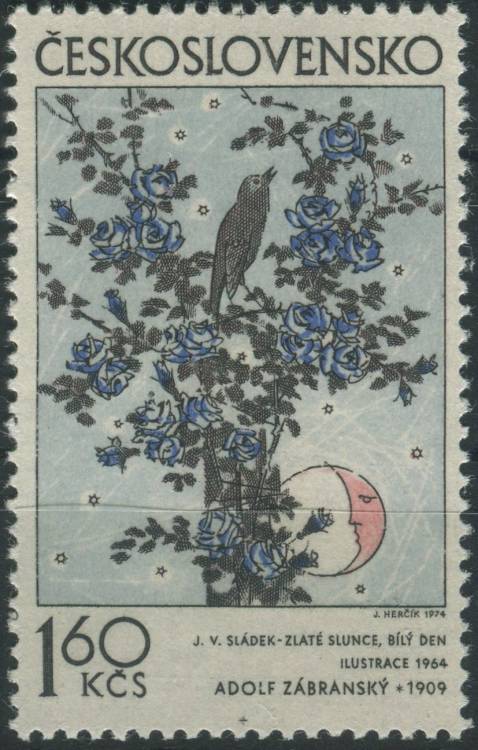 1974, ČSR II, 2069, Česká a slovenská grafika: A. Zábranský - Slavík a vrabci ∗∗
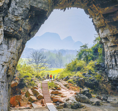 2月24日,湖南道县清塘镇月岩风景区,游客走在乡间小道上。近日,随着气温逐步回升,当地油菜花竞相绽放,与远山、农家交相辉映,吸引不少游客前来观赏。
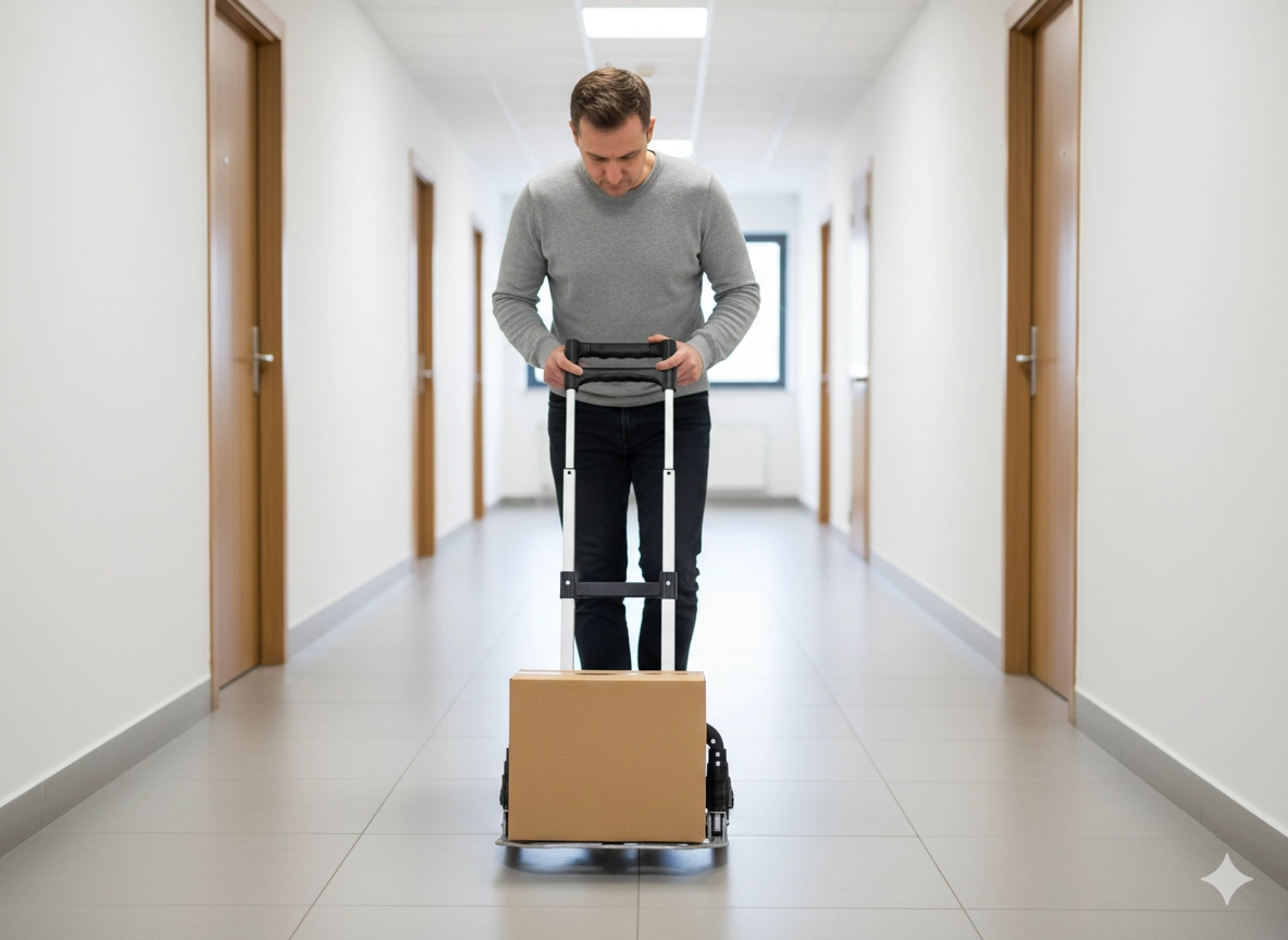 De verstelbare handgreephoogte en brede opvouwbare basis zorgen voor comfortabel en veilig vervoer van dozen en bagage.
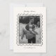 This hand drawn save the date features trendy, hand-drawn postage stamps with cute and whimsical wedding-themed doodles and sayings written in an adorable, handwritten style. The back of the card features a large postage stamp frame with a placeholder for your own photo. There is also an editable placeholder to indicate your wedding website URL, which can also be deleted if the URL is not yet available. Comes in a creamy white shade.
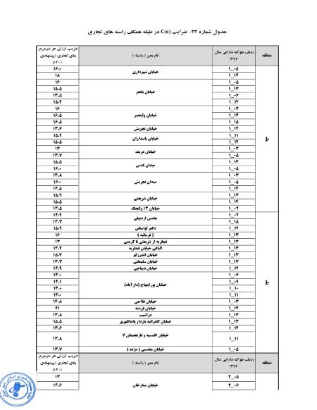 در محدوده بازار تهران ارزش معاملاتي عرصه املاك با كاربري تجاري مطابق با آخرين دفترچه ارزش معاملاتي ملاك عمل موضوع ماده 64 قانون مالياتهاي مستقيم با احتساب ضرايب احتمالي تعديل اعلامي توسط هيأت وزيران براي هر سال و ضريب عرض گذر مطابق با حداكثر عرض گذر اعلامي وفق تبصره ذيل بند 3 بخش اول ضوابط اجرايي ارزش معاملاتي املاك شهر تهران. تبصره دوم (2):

+---+

▶ Your assignment
Any pictures should be dropped; transcribe the rest of the records above exactly.

▶ Reply to the exercise
 1974, ČSR II, 2069, Česká a slovenská grafika: A. Zábranský - Slavík a vrabci ∗∗
 2月24日,湖南道县清塘镇月岩风景区,游客走在乡间小道上。近日,随着气温逐步回升,当地油菜花竞相绽放,与远山、农家交相辉映,吸引不少游客前来观赏。
 De verstelbare handgreephoogte en brede opvouwbare basis zorgen voor comfortabel en veilig vervoer van dozen en bagage.
 This hand drawn save the date features trendy, hand-drawn postage stamps with cute and whimsical wedding-themed doodles and sayings written in an adorable, handwritten style. The back of the card features a large postage stamp frame with a placeholder for your own photo. There is also an editable placeholder to indicate your wedding website URL, which can also be deleted if the URL is not yet available. Comes in a creamy white shade.
 در محدوده بازار تهران ارزش معاملاتي عرصه املاك با كاربري تجاري مطابق با آخرين دفترچه ارزش معاملاتي ملاك عمل موضوع ماده 64 قانون مالياتهاي مستقيم با احتساب ضرايب احتمالي تعديل اعلامي توسط هيأت وزيران براي هر سال و ضريب عرض گذر مطابق با حداكثر عرض گذر اعلامي وفق تبصره ذيل بند 3 بخش اول ضوابط اجرايي ارزش معاملاتي املاك شهر تهران. تبصره دوم (2):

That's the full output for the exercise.